(Records from a data source)
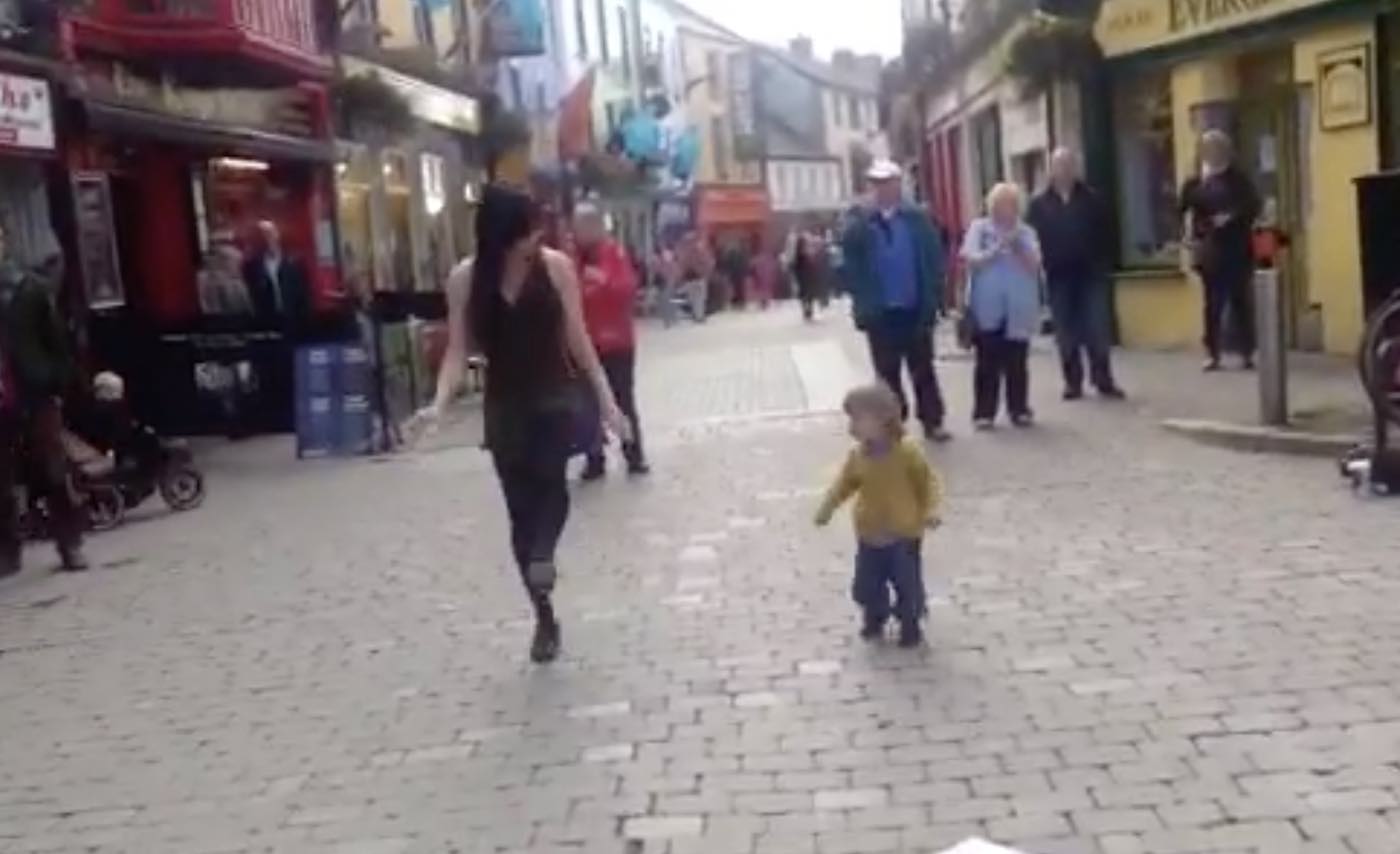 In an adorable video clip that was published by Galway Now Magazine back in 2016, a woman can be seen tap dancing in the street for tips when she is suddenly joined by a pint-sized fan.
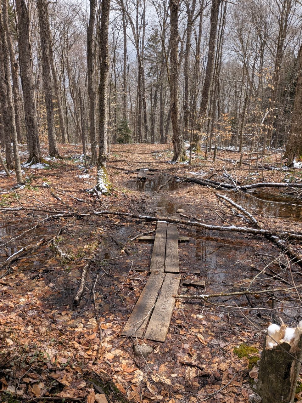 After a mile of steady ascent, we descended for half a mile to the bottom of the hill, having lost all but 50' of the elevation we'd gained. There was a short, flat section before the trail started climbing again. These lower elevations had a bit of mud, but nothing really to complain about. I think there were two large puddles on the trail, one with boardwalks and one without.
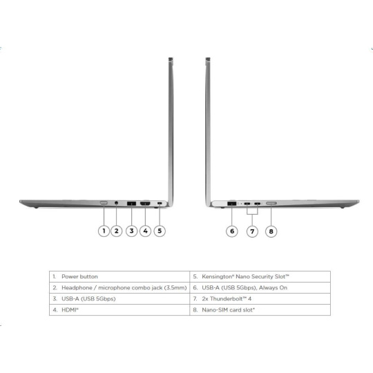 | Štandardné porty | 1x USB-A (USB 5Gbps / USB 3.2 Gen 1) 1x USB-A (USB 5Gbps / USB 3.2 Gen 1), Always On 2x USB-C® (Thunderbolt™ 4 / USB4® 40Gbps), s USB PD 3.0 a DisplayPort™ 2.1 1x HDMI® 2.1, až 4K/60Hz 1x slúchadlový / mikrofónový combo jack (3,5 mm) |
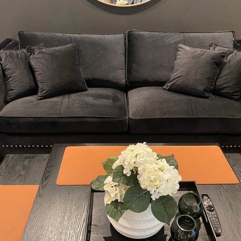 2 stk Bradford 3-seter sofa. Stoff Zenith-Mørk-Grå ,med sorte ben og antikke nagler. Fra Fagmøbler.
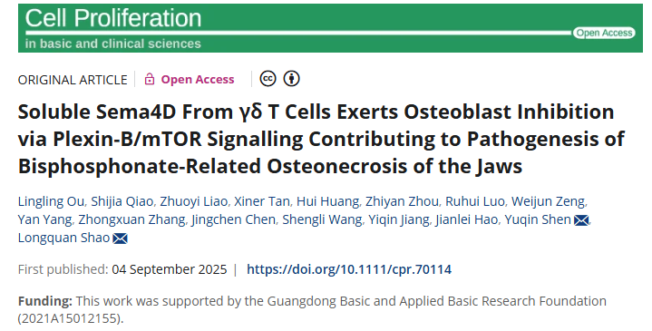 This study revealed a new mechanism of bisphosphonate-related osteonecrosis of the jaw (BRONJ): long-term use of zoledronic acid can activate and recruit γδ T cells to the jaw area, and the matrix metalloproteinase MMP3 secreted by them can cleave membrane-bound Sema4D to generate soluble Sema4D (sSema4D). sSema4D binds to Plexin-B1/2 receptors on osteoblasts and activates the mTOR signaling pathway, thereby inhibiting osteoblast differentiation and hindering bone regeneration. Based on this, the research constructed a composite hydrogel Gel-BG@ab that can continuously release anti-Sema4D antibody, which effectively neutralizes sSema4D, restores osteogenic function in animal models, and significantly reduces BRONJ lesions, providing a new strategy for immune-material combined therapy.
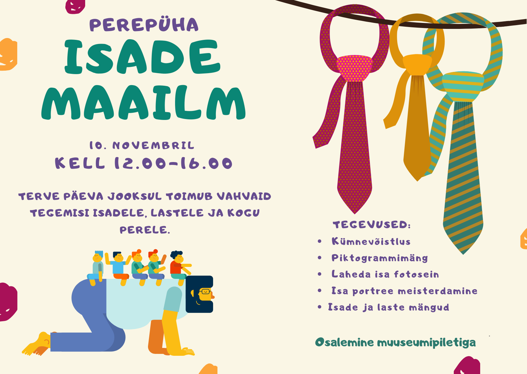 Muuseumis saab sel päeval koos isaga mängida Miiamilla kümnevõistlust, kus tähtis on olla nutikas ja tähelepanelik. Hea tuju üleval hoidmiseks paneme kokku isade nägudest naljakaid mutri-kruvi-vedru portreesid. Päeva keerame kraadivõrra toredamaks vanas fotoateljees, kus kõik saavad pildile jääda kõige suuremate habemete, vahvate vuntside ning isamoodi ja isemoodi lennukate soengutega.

**Problem requirements**. All of the entries above should be retyped exactly, with the pictures left out.

**Answer box**.
 In an adorable video clip that was published by Galway Now Magazine back in 2016, a woman can be seen tap dancing in the street for tips when she is suddenly joined by a pint-sized fan.
 After a mile of steady ascent, we descended for half a mile to the bottom of the hill, having lost all but 50' of the elevation we'd gained. There was a short, flat section before the trail started climbing again. These lower elevations had a bit of mud, but nothing really to complain about. I think there were two large puddles on the trail, one with boardwalks and one without.
 | Štandardné porty | 1x USB-A (USB 5Gbps / USB 3.2 Gen 1) 1x USB-A (USB 5Gbps / USB 3.2 Gen 1), Always On 2x USB-C® (Thunderbolt™ 4 / USB4® 40Gbps), s USB PD 3.0 a DisplayPort™ 2.1 1x HDMI® 2.1, až 4K/60Hz 1x slúchadlový / mikrofónový combo jack (3,5 mm) |
 2 stk Bradford 3-seter sofa. Stoff Zenith-Mørk-Grå ,med sorte ben og antikke nagler. Fra Fagmøbler.
 This study revealed a new mechanism of bisphosphonate-related osteonecrosis of the jaw (BRONJ): long-term use of zoledronic acid can activate and recruit γδ T cells to the jaw area, and the matrix metalloproteinase MMP3 secreted by them can cleave membrane-bound Sema4D to generate soluble Sema4D (sSema4D). sSema4D binds to Plexin-B1/2 receptors on osteoblasts and activates the mTOR signaling pathway, thereby inhibiting osteoblast differentiation and hindering bone regeneration. Based on this, the research constructed a composite hydrogel Gel-BG@ab that can continuously release anti-Sema4D antibody, which effectively neutralizes sSema4D, restores osteogenic function in animal models, and significantly reduces BRONJ lesions, providing a new strategy for immune-material combined therapy.
 Muuseumis saab sel päeval koos isaga mängida Miiamilla kümnevõistlust, kus tähtis on olla nutikas ja tähelepanelik. Hea tuju üleval hoidmiseks paneme kokku isade nägudest naljakaid mutri-kruvi-vedru portreesid. Päeva keerame kraadivõrra toredamaks vanas fotoateljees, kus kõik saavad pildile jääda kõige suuremate habemete, vahvate vuntside ning isamoodi ja isemoodi lennukate soengutega.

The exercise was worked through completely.